In terms of offering specific advice, do we have anyone on this board in Texas or around there to offer suggestions for this fellow?

4.3mudder
01-26-2009, 03:41 PM
Ok, I will sum this up and tell the customer there isn't anything I can do for now. I appreciate yall's input.

Sorry, no I have no licensing for the application. Usually I use the products either from Home Depot or Lowes. Which, I knew you had to have a license to put out the commercial fertilizers and what not, but not the regualar stuff the home improvement places sells. Meaning homeowner products that are sold to the general public is what I put out. Scotts bonus S, ironite, those fertilizers and such

EagleLandscape
01-26-2009, 05:18 PM
Do this. Call Chad or Gary at Lesco 972.681.5511.

Tell them give you information on how to become licensed, and then they can give your products that will knock the socks off of your customers, and will teach you/help you with anything you need.

They are great guys. Call them and theyll help you out.

Hoots
01-26-2009, 05:51 PM
Ok, I will sum this up and tell the customer there isn't anything I can do for now. I appreciate yall's input.

Sorry, no I have no licensing for the application. Usually I use the products either from Home Depot or Lowes. Which, I knew you had to have a license to put out the commercial fertilizers and what not, but not the regualar stuff the home improvement places sells. Meaning homeowner products that are sold to the general public is what I put out. Scotts bonus S, ironite, those fertilizers and such

You hit the nail on the head about nothing you can do for now.

You cannot apply any chemical for profit without a license. Straight fertilizer is acceptable.

Call Mark with the Texas Department of Agriculture (he is the chief inspector for pesticide programs in Dallas) and ask him if you can purchase these products at Home Depot etc. and apply them on someones property for profit without a license. Let us know what the answer is.

(972)263-5035

I am not trying to be rude, I am only trying to keep you out of trouble. There are too many people applying products incorrectly.

Follow some of the other guys advice and take the steps to get licensed. In the meantime, please subcontract your applications to a licensed company.

LawnTamer
01-26-2009, 06:01 PM
The grass is dormant. The cold nights (sometimes days) frost and cold soil temps will prevent the Bermuda from greening up regardless of what you put on it. The only way to have green grass this time of year in the metroplex is to have planted rye grass in the fall.

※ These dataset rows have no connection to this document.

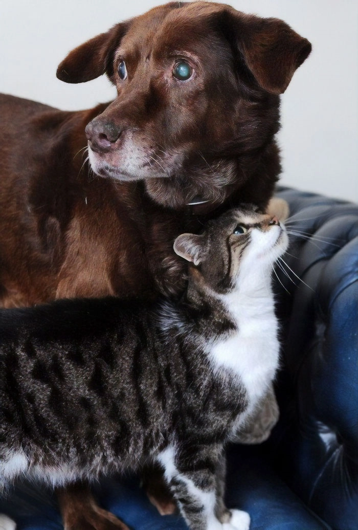 У лабрадора по кличке Тервел катаракта, он на 90% слеп. Из-за того что пес часто бился об углы и получал травмы, он перестал выходить за пределы своей собачьей лежанки, но все изменилось, когда в доме появилась кошка Пудитат. Она постоянно играет с Тервелом и учит его лучше ориентироваться в доме.
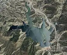 ![]() Satellite view of dam and reservoir. Interstate 5 is on the right of the image. | |
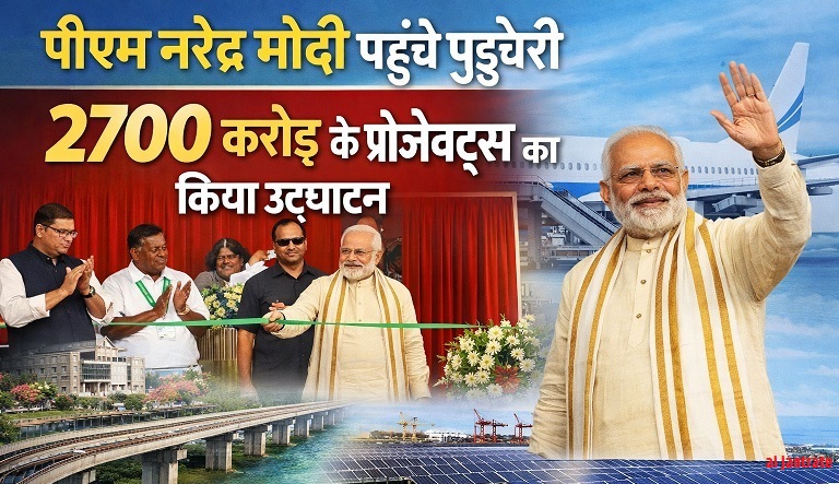 मोदी पहुंचे पुडुचेरी, 2700 करोड़ के प्रोजेक्ट्स का किया उद्घाटन
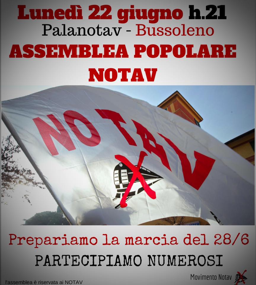 Lunedì 22 Giugno, a Bussoleno al Palanotav si terrà l’Assemblea Popolare in vista della marcia del 28 Giugno
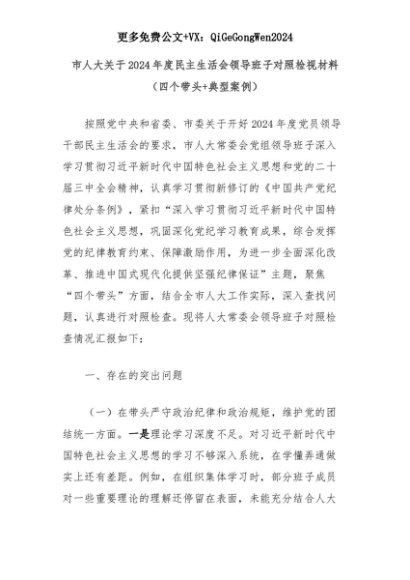 【七哥公文】2025年:市人大关于2024年度民主生活会领导班子对照检视材料(四个带头+典型案例)+更多免费公文+VX:QiGeGongWen2024+更多免费公文+VX:QiGeGongWen2024
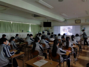2学年の生命科は3学期から「命の尊厳」というテーマで学習しています。今回の授業では、小児がんと闘った少年と彼を支えた家族のドキュメンタリーを題材にしました。余命を宣告された後、治療法について難しい選択を迫られる場面では「自分だったらどうするか」という視点で、また最期の日まで前向きに生き人生を全うした姿から命の尊さについて学び、考えを深める機会となりました。
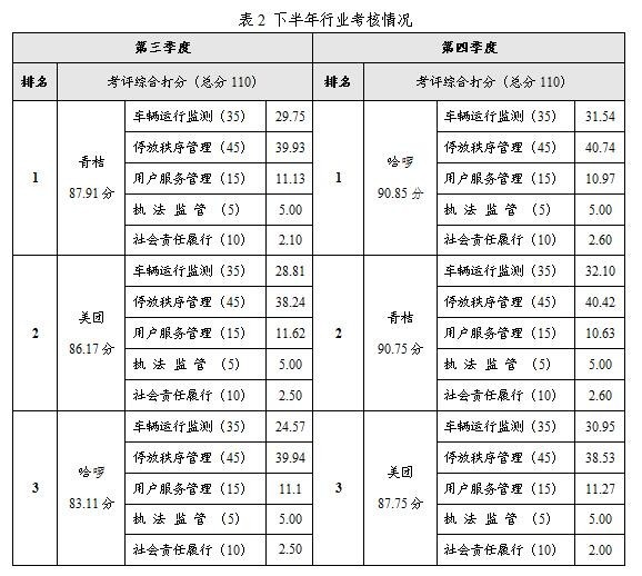 市、區(qū)、街道(鄉(xiāng)鎮(zhèn))管理部門及第三方機(jī)構(gòu)持續(xù)對(duì)單車企業(yè)運(yùn)營(yíng)服務(wù)質(zhì)量實(shí)施綜合考評(píng),中心城區(qū)各單車企業(yè)綜合評(píng)分較上半年有明顯提升。
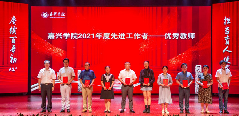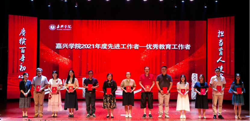 与会校领导为2021年满30年教龄教师、全省高校优秀共产党员、第六届全省高校“最受师生喜爱的书记”提名奖等先进个人颁发证书。

Tamer is correct. If you don't have a license you can get hefty fines if you get caught. THE ONLY product you can apply without a license is straight fertilizer. No Weed-N-Feed (which is a waste of money) No insecticide etc.

Ammonium Nitrate is not something you want to have (even if you have permission) If I am not mistaken, it is one fertilizer product that is restricted because it can be used as a bomb making material. Not something you want to be responsible for.

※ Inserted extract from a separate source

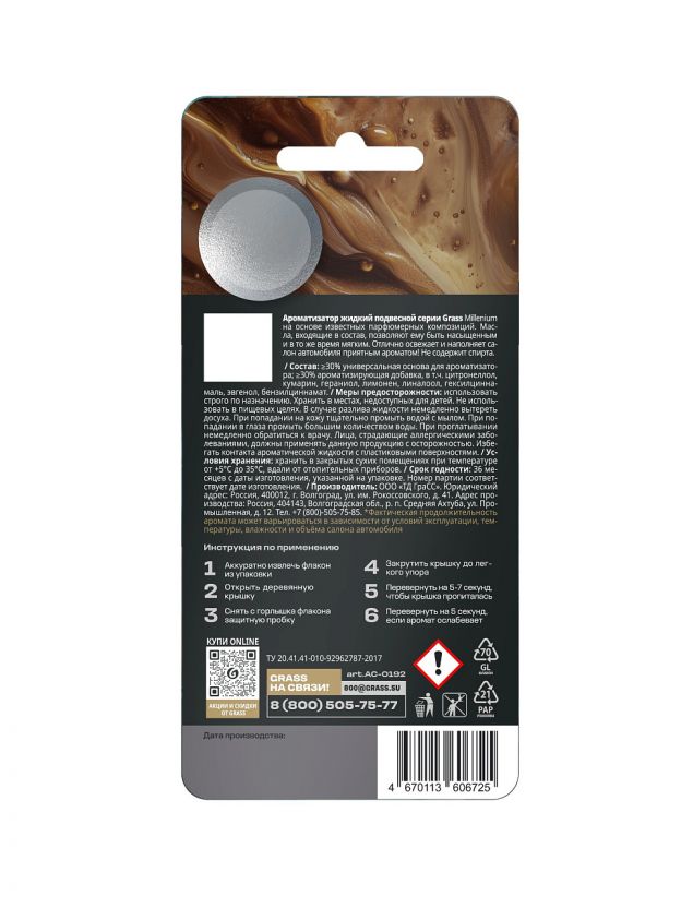 Состав: _ 25% высококонцентрированная парфюмерная композиция на масляной основе, _75% универсальная основа для ароматизаторов.
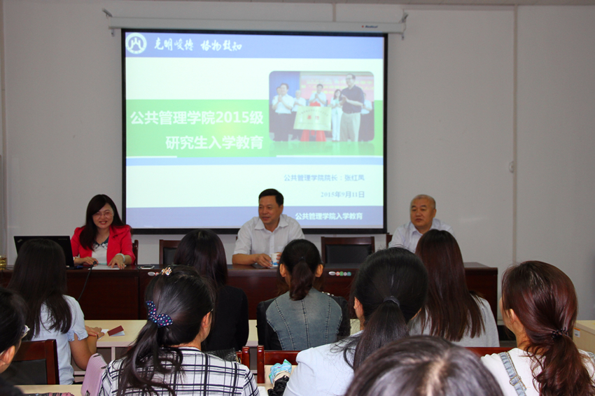 在燕山校区4407举行2015级研究生新生入学教育暨与院领导见面会。院长张红凤,党委书记郑磊,副院长李国锋,党委副书记周炎,院长助理贾海彦、张禹,教学秘书朱艳,辅导员李昭娜及2015级全体新生出席此次会议,会议由副院长李国锋主持。

Yes, straight AM is quite dangerous, they have a new process where they bind it with calcium, it is still usable to the plant, and will still raise soil temps, but it isn't explosive. It does cost more though. It also lowers the analysis. They take 34-0-0, but by the time they bind and stabilize it, the analysis is around 27-0-0.

Hoots
01-26-2009, 06:06 PM
Yes, straight AM is quite dangerous, they have a new process where they bind it with calcium, it is still usable to the plant, and will still raise soil temps, but it isn't explosive. It does cost more though. It also lowers the analysis. They take 34-0-0, but by the time they bind and stabilize it, the analysis is around 27-0-0.

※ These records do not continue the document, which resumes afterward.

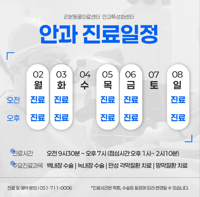 리본동물의료센터 안과는 영상의학과·내과·외과 등 각 분야의 전문 수의사와 협진을 통해 복합적인 안과 질환을 체계적으로 진단하고 치료합니다!
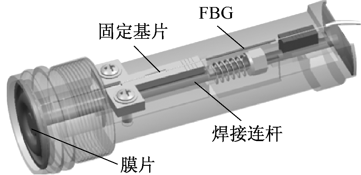 光纤压力传感器结构如图3所示。光纤光栅(FBG)的一端粘贴在螺丝固定的基片上,另一端粘贴在与连杆焊接在一起的粘贴平台上。当外界压力发生变化时,在膜片左右形成压差,膜片会发生位移,同时带动连杆动作,导致FBG拉伸或收缩,光栅中心波长λB发生偏移,通过检测λB的变化即可得到压力值。
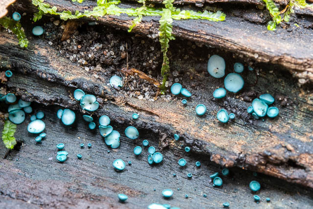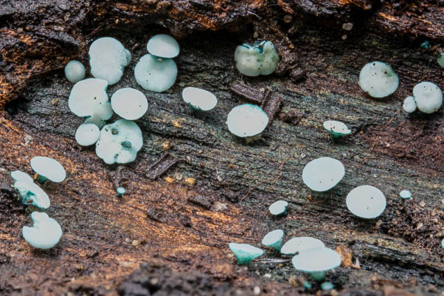 This is Chlorociboria aeruginascens, and it too appears in the same spot.
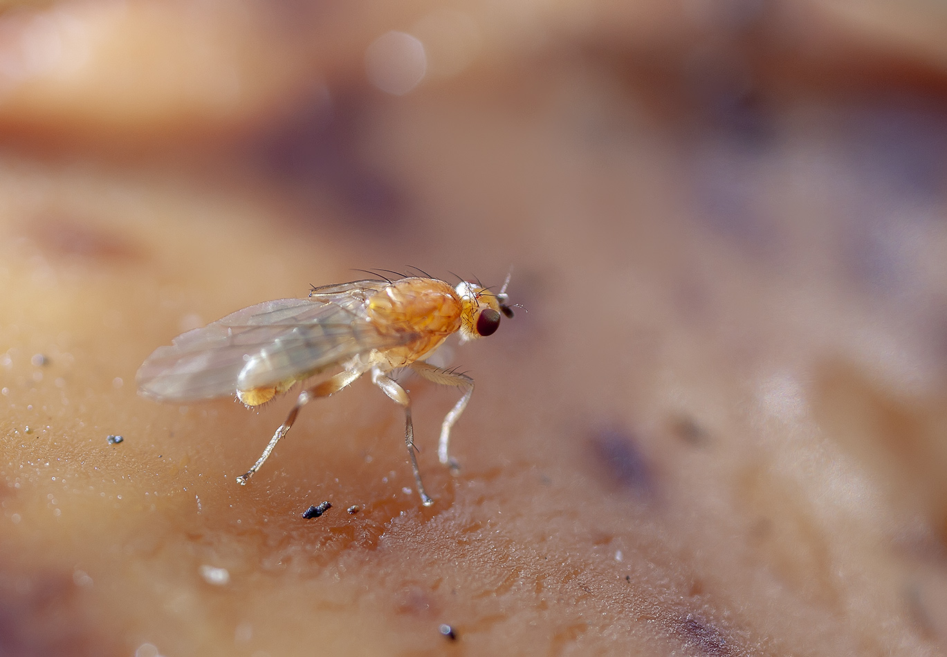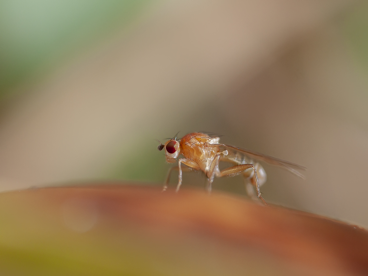 Маленькая мушка выбрала шляпку сыроежки для демонстрации себя любимой
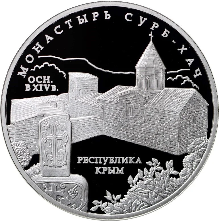 Surb-Khach Monastery relief. Inscriptions: "МОНАСТЫРЬ СУРБ-ХАЧ" around the top, "ОСН. В XIV в." on the left, and "РЕСПУБЛИКА КРЫМ" at the bottom.
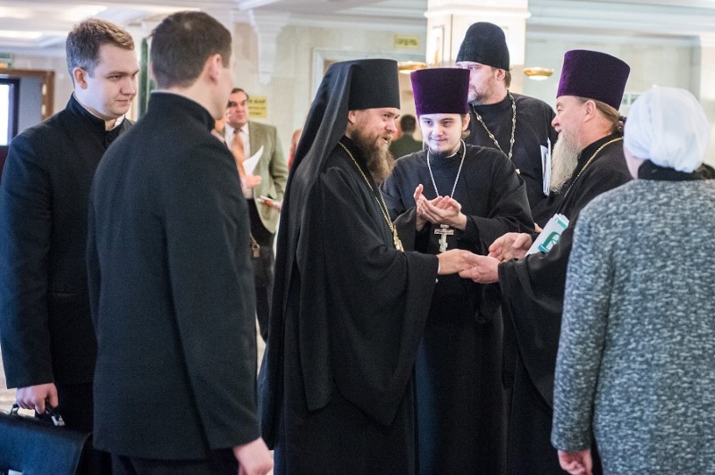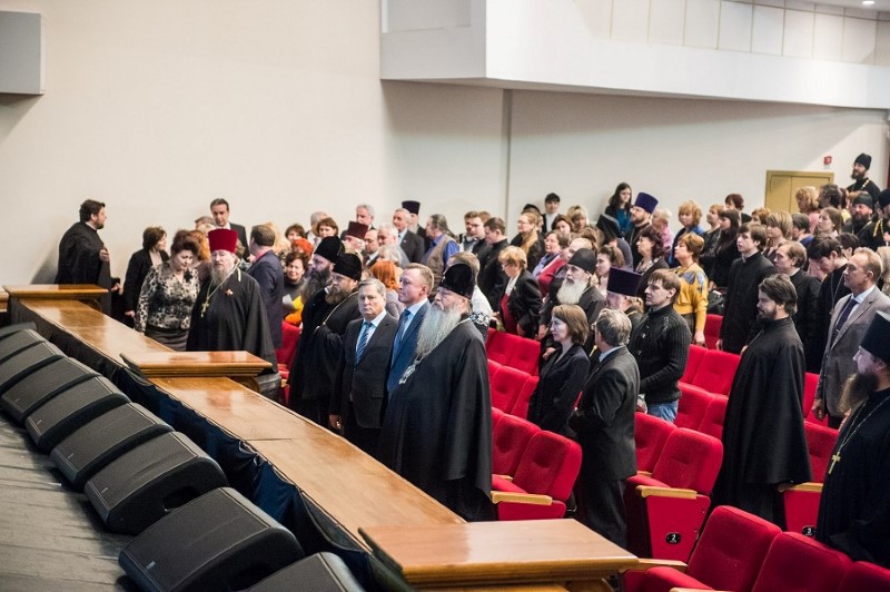 Также прозвучал доклад руководителя Епархиального отдела по взаимодействию Церкви и общества Александра Витальевича Красова «Единство истории, единство народа, единство России». Он подчеркнул, что Российская Федерация уже многие столетия является многонациональным государством. Проблему взаимодействия между представителями национальных объединений сейчас успешно решает деятельность Новосибирского отделения Всемирного Русского Народного Собора, председателем которого в столице Сибири является Митрополит Тихон. Согласно статистическим данным, на территории Новосибирской области проживает 93,1% русских, 1,2% немцев, украинцев и татар — по 0,9%, более 100 других национальностей составляют 3,9%. В рамках работы Новосибирского отделения ВРНС в преддверии Дня народного единства состоялась встреча представителей национальных и культурных объединений и Митрополита Новосибирского и Бердского Тихона, на которой было принято решение о создании Союза «За национальное единство».

Thanks LawnTamer. Even when helping to give advice, we can all learn something too.

4.3mudder
01-26-2009, 07:30 PM
Ok, now I know what to do. Thats for you guy's help. I guess I learned more than I wanted to today! lol

Ric
01-26-2009, 09:04 PM
Yo

A different taken is Lawn Paint. My market area just had it's first freeze in over 10 years so painting lawns green in winter is not a good market for me. But I have done it. I can seen a Market for lawn painting all over the south where lawns go dormant and turn brown. Bermuda seems to be one turf that could really use a good paint job in the winter season. However a reasonable cost turf paint is required in order to make this a viable market.